- Church: Episcopal Church
- Diocese: Northwest Texas
- Elected: September 17, 1946
- In office: 1946–1972
- Predecessor: Eugene Cecil Seaman
- Successor: Willis R. Henton

Orders
- Ordination: December 18, 1931 by Thomas Casady
- Consecration: December 3, 1946 by Henry St. George Tucker

Personal details
- Born: August 12, 1906 Poughkeepsie, New York, United States
- Died: September 7, 2002 (aged 96) Amarillo, Texas, United States
- Buried: Llano Cemetery, Amarillo, Texas
- Denomination: Anglican
- Parents: Frederick George Quarterman & Elizabeth Jane Brown
- Spouse: Ruth Grace Spahr ​(m. 1931)​
- Children: 3

= George H. Quarterman =

Bishop of the Episcopal Diocese of Northwest Texas

George Henry Quarterman (August 12, 1906 – September 7, 2002) was bishop of the Episcopal Diocese of Northwest Texas from 1946 to 1972.

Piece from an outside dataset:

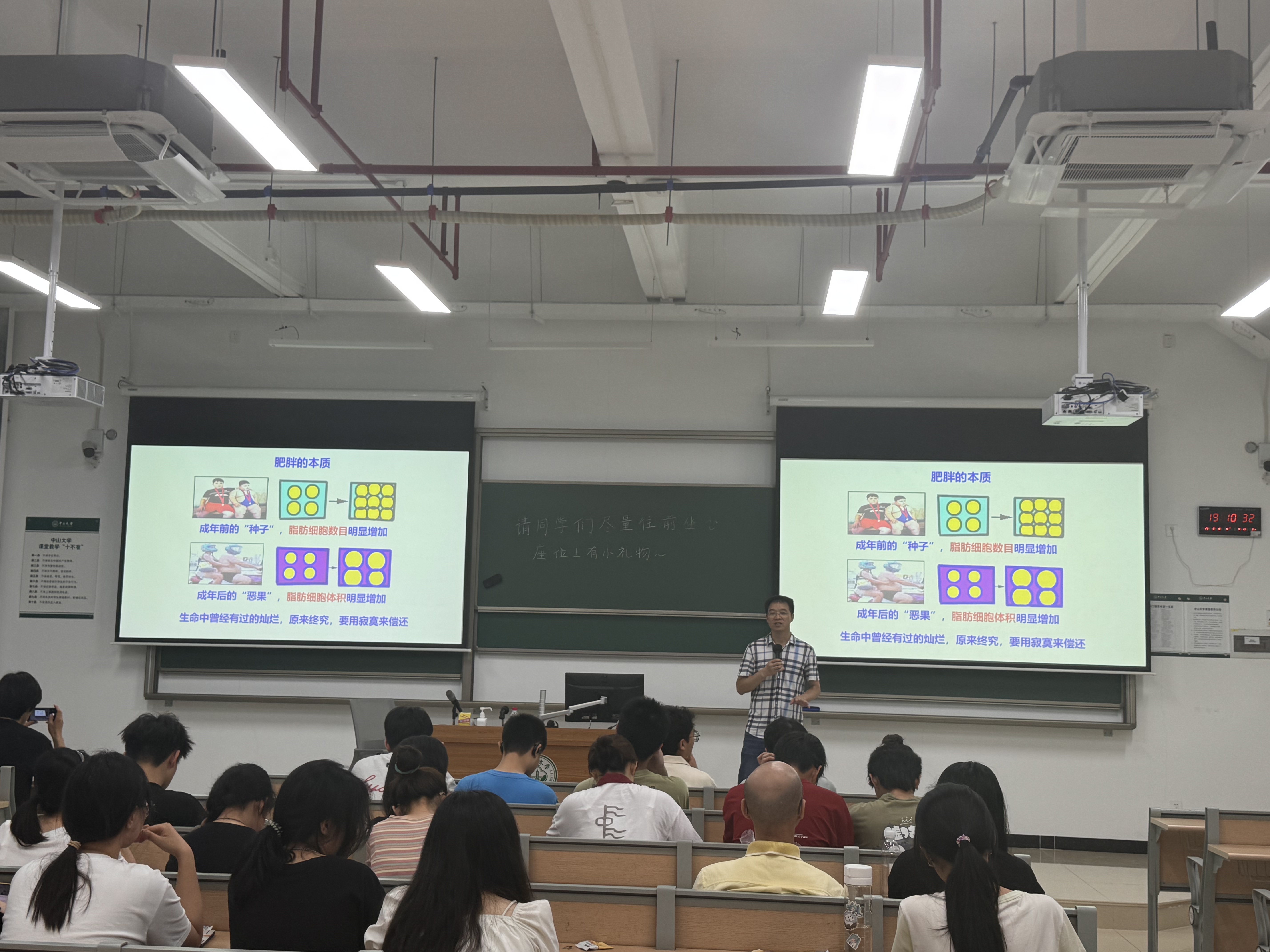 营养学系副主任王冬亮教授作为主讲专家,开展了主题为《不饿也能瘦》的专题讲座。讲座中,王冬亮教授一针见血地点明了肥胖的本质,以风趣的语言带领同学们了解了肥胖的各方成因,并提供了细致全面的减脂增肌的科学方法,为同学们控制体重的道路指明了方向。

==Early life and education==
Quarterman was born on August 12, 1906, in Poughkeepsie, New York, to Frederick George Quarterman (1875-1948) and Elizabeth Jane Brown. (1872-1950) He studied at St Stephen's College, graduating with a Bachelor of Arts in 1928, and then at the General Theological Seminary from where he earned his Bachelor of Sacred Theology in 1931. He was awarded an honorary Doctor of Divinity from the University of the South in 1947 and a Doctor of Sacred Theology from Church Divinity School of the Pacific in 1959. He married Ruth Grace Spahr (1906-1986) on August 21, 1931, and together they had three children.

==Ordained ministry==
Quarterman was ordained a deacon of the Episcopal Church on May 31, 1931, by Bishop William T. Manning of New York and priest on December 18, 1931, by Bishop Thomas Casady of Oklahoma. He served as rector of St Philip's Church in Ardmore, Oklahoma, between 1931 and 1946 and then briefly as rector of St Andrew's Church in Amarillo, Texas, in 1946. He served as deputy to the General Convention of 1937 and 1943.

==Bishop==
On September 17, 1946, Quarterman was elected by the House of Bishops to become the third Missionary Bishop of the District of North Texas. He was consecrated on December 3, 1946, with Presiding Bishop Henry St. George Tucker as chief consecrator in St Andrew's Church, Amarillo, Texas. He was instrumental in establishing the Diocese of Northwest Texas, which came to be on October 31, 1958, and he became its first diocesan bishop. He retired in 1972. By the time of his death on September 7, 2002, he was the oldest living Episcopal bishop.